Q: Your weekly specials are inventive! What’s your secret for duplicating these homestyle recipes in a commercial kitchen?
A: We are a company of systems and recipes. We change our specials every two weeks. We limit them to two lunches and two dinners. We have make-cards for the line to ensure that everyone is preparing them the same. We also are very careful that the special fi ts our hot line system. It cannot be too complicated, too many ingredients or take too long to get out of the kitchen. It is very important that the quality of any special be consistent whether there are two checks hanging or 20 checks hanging. This takes careful planning and monitoring.
Q: You make your own desserts, and they’re decadent like your Smores Cookie Pizzette and Chocolate Cassata Cake. Why not outsource these like so many other restaurants?
A: I believe that appetizers and desserts are two great ways to differentiate you from the competition. If you are buying desserts from your purveyor or from a local provider, the restaurant across the street could be serving the same item. We do buy a couple desserts from a local purveyor, but we make the rest. We limit the dessert menu and run monthly specials. This controls the amount of prep and inventory and allows us to take advantage of seasonal items.

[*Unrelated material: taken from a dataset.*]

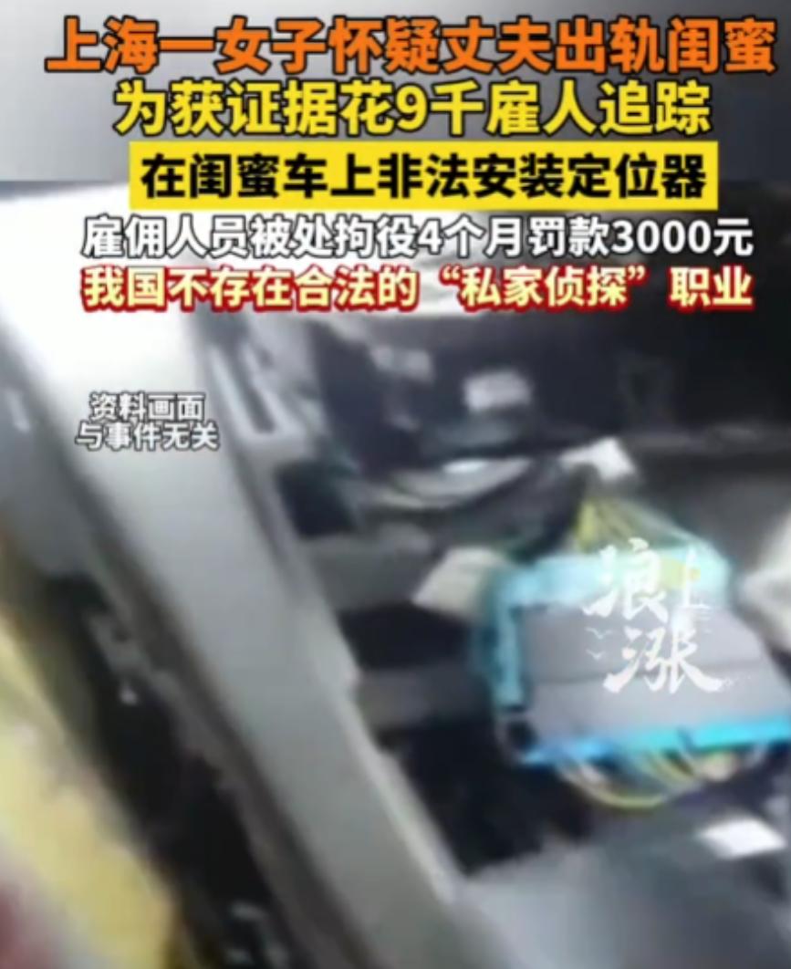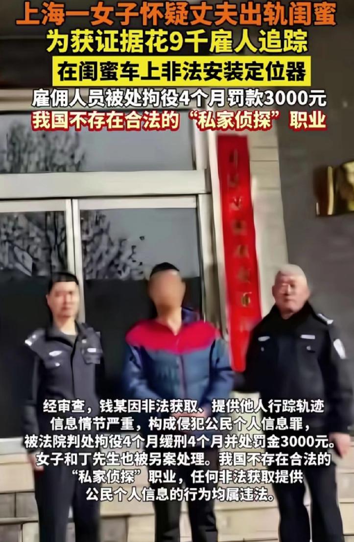 这下闺蜜没得处了!上海,女子总觉得丈夫有事瞒着自己,在外面有人,而她怀疑的目标正是自己的闺蜜,苦于没有证据,就花9000块雇了两个私家侦探,结果证据没找到,还GPS的时候还被闺蜜发现,闺蜜直接报了警 这两年总觉得家里气氛不对。老公回家越来越晚,手机跟宝贝似的捂着,对她也是爱搭不理。更要命的是,她发现老公跟自己闺蜜刘小姐走得太近了,俩人说说笑笑的样子,怎么看怎么不对劲 可怀疑归怀疑,手里没证据啊。陈女士心里这个煎熬,白天想晚上想,总觉得老公肯定有事瞒着她。最后她一咬牙,花了9000块钱,找了个所谓的私家侦探 这侦探姓丁,收了钱立马找了帮手钱某。俩人一合计,决定在刘小姐车上动手脚。第一次是装了个磁吸的GPS定位器,藏在车底。从那以后,刘小姐的车去过哪、停了多久,陈女士手机上看得一清二楚 定位器用久了信号不太行,陈女士又加钱,前前后后花了9000块。钱某不仅换了新设备,还亲自去刘小姐常去的地方蹲点,想拍点能当证据的照片。可跟了两个月,啥也没拍着,刘小姐的生活轨迹正常得不能再正常 2021年7月,定位器又坏了。钱某趁着夜色偷偷摸摸去换,刚蹲在车边捣鼓,刘小姐正好下楼取车,一眼看见车底有人,当场把他堵住,直接报了警 这一下可热闹了。警察一查,钱某非法获取他人行踪轨迹,情节严重,构成侵犯公民个人信息罪,被判拘役4个月缓刑4个月,罚金3000。陈女士和那个丁先生也被另案处理了 这事说起来挺唏嘘的。陈女士本想查个真相,结果闺蜜没处成,自己还惹上了官司 信任这东西,一旦裂了缝,补起来是真难。陈女士怀疑丈夫和闺蜜,按理说也不是完全没理由,毕竟生活中这种狗血剧情确实上演过。但她选择的方式,直接把事情推向了不可收拾的地步 再说那个私家侦探。很多人不知道,在中国,私家侦探这个行当其实是灰色的。跟踪、偷拍、装定位器,这些在电影里看着很酷的操作,现实中分分钟踩红线。行踪轨迹属于个人信息,非法获取是要吃官司的 还有刘小姐,莫名其妙被闺蜜怀疑,被陌生人跟踪,车上还被装了定位器。就算她真跟陈女士丈夫没什么,这事一出,这闺蜜情分也彻底凉了。换谁心里能舒服? 其实陈女士这种心态,很多人多少能理解。感情里一旦有了猜忌,就像心里长了根刺,不拔出来难受,拔又不知道怎么拔。可问题是,用违法的手段去找真相,本身就是个坑。真查出什么,自己也进去了;查不出什么,对方知道了更没法收场 感情的事,要么当面谈清楚,要么干脆认了。用这种见不得光的手段,最后往往是伤敌八百,自损一千 女子怀疑丈夫出轨闺蜜花9千雇人跟踪

Q: Your menu transcends pizza and spaghetti. How well do items like cioppino & baked wild mushroom ravioli sell?
A: Selling specials is all about the customer’s confidence in your kitchen. After we opened, it took about six months of aggressive in-house marketing and strong server suggestive selling to get customers to try some unconventional specials. Unconventional for a pizzeria, that is. Now our specials usually outsell most menu items. Once again, it is all about differentiating you from the competition. Offering specials like cioppino or wild mushroom ravioli and preparing them with quality ingredients consistently gives you a leg up on the competition and allows you to build the important “regular” customer base.
Q: You’ve been open more than a year now. What’s the one thing that has surprised you the most about this business?
A: One of the changes I have noticed over the last year is customer knowledge of culinary ingredients and preparation. The plethora of food and cooking programs on television are making for a more educated and adventurous dining public. More so now than at any time in my 30 years in the restaurant business. You can’t brown some ground meat, add it to your marinara sauce and call it Bolognese. This does put pressure on operators to be creative and truthful in their menus and specials. If you don’t, the restaurants down the street will, and take some of your customers along with them.